[Exercise input]
****************
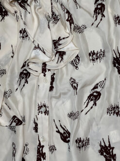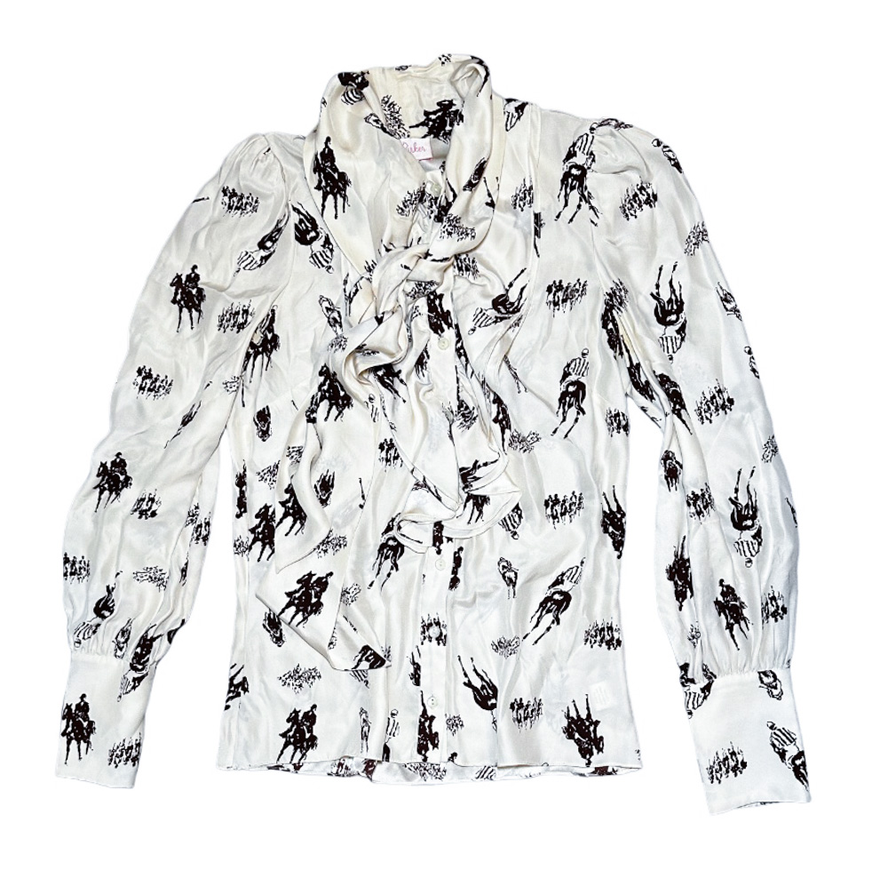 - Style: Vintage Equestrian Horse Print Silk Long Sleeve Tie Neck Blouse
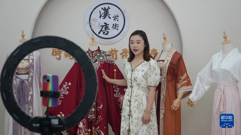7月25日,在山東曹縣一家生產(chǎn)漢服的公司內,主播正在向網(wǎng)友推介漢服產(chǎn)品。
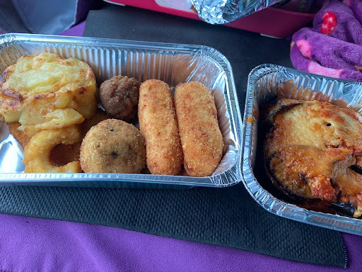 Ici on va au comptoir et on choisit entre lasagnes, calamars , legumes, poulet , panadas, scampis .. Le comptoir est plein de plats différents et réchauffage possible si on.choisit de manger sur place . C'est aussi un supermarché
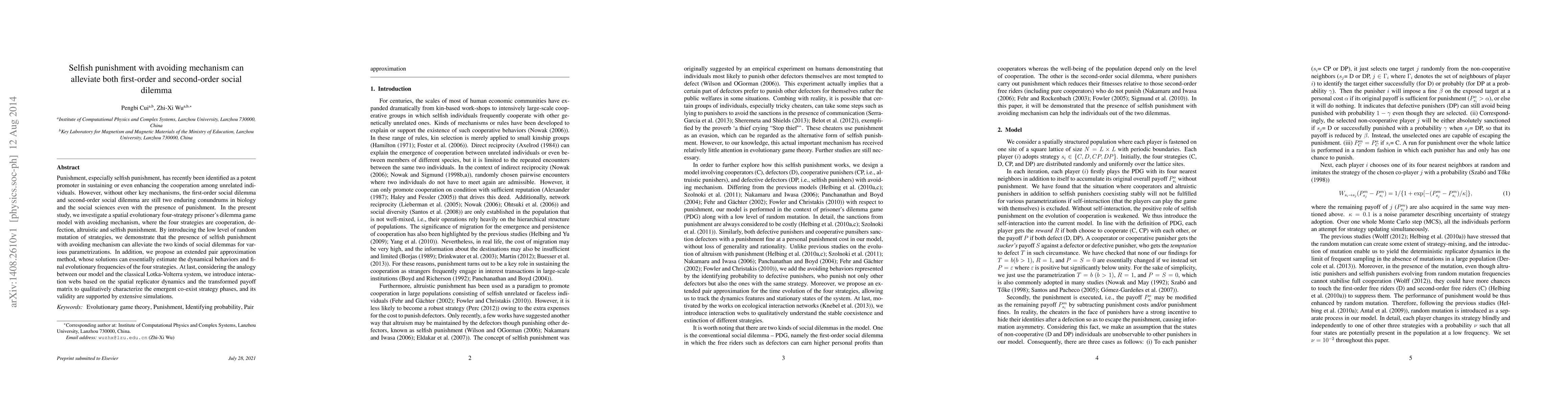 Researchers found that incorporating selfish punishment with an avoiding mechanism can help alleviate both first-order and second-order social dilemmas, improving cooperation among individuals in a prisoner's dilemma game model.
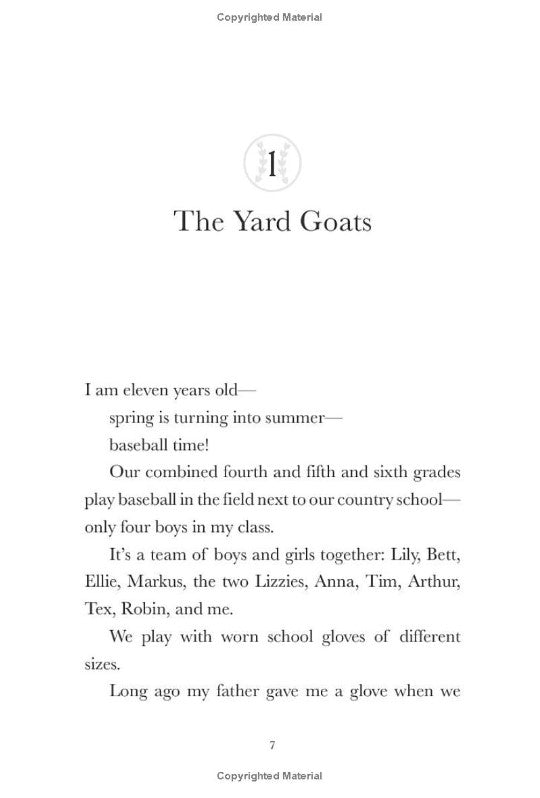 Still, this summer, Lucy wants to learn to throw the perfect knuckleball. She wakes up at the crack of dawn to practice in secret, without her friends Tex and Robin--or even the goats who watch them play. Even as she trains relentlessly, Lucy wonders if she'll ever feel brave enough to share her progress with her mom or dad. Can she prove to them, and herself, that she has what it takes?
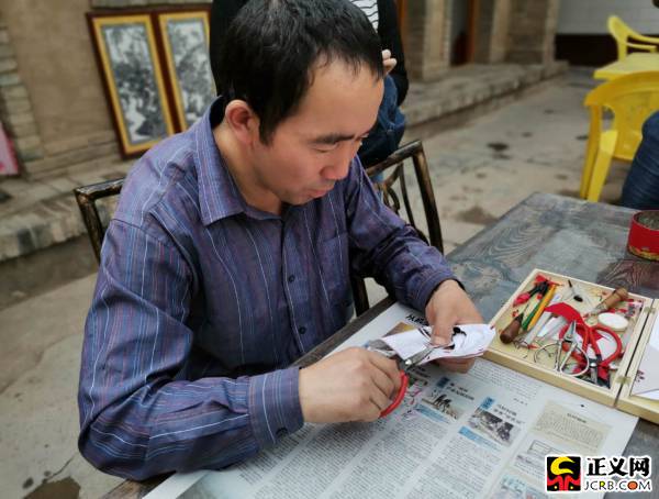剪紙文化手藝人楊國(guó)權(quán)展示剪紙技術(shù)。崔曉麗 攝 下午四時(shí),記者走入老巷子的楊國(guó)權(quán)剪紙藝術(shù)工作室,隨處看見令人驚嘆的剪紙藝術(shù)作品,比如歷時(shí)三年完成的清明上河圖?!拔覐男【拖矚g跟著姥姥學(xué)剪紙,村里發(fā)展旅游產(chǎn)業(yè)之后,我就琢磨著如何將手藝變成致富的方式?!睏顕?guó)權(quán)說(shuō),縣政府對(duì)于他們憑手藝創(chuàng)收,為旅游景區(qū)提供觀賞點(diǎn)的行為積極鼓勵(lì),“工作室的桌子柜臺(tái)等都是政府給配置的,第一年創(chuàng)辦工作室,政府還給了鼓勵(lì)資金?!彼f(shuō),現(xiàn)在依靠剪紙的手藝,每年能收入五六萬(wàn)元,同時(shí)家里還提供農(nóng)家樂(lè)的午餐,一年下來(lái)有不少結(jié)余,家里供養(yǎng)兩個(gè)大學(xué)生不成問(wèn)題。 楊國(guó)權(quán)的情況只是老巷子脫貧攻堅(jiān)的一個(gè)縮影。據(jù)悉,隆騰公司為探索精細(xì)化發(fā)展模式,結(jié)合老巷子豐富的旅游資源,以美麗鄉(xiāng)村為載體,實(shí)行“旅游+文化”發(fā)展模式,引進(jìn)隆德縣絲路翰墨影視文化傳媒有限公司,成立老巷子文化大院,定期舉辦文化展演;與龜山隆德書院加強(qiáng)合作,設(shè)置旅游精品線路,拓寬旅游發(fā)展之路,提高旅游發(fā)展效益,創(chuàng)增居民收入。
****************
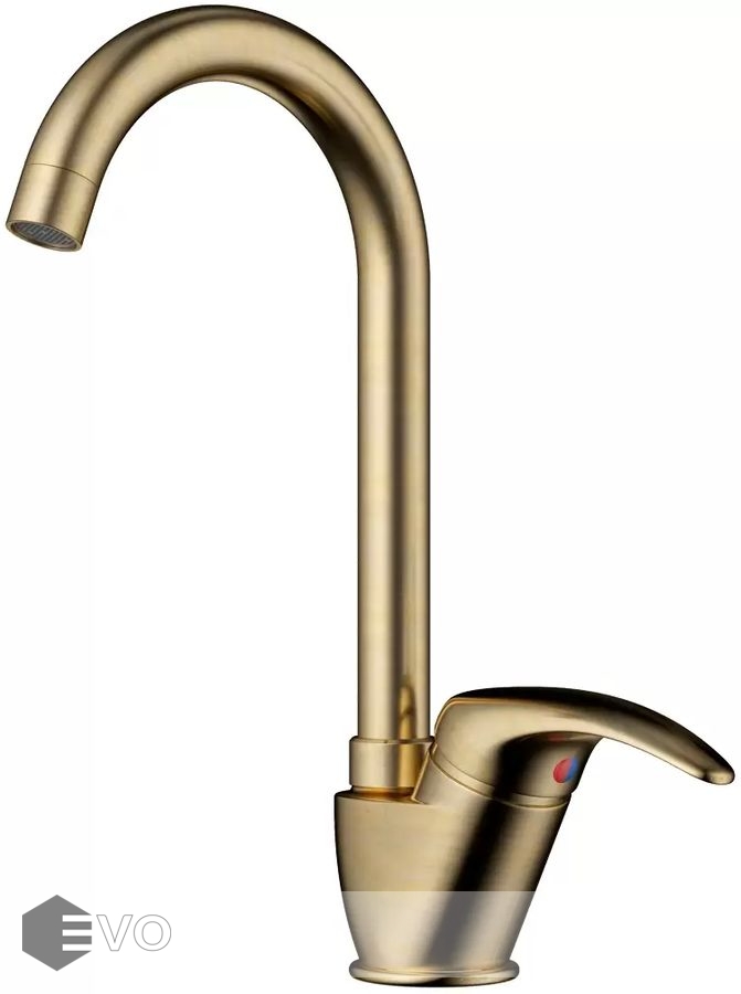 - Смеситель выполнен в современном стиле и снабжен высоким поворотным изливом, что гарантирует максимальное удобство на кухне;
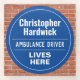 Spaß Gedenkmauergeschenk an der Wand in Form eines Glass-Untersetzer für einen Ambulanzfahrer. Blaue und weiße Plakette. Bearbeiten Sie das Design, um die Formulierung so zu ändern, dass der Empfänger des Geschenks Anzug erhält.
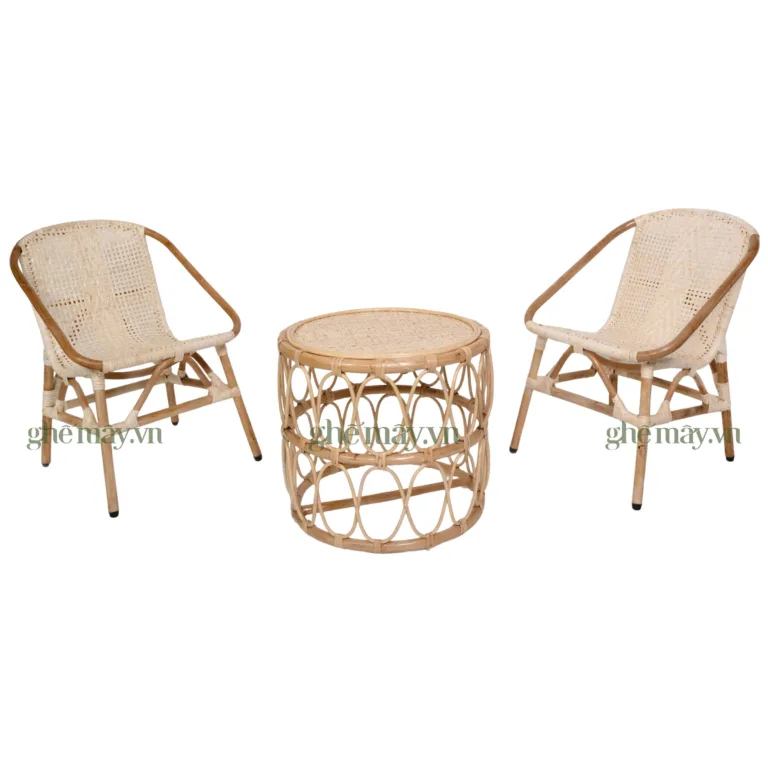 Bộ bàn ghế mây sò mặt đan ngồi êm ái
****************
Exact copy, no pictures. Write out the lines in the entries above, starting with the line with "- Смеситель выполнен" and going on through the line with "Bộ bàn ghế mây sò mặt đan ngồi êm ái", keeping both.

[Solution for this task]
 - Смеситель выполнен в современном стиле и снабжен высоким поворотным изливом, что гарантирует максимальное удобство на кухне;
 Spaß Gedenkmauergeschenk an der Wand in Form eines Glass-Untersetzer für einen Ambulanzfahrer. Blaue und weiße Plakette. Bearbeiten Sie das Design, um die Formulierung so zu ändern, dass der Empfänger des Geschenks Anzug erhält.
 Bộ bàn ghế mây sò mặt đan ngồi êm ái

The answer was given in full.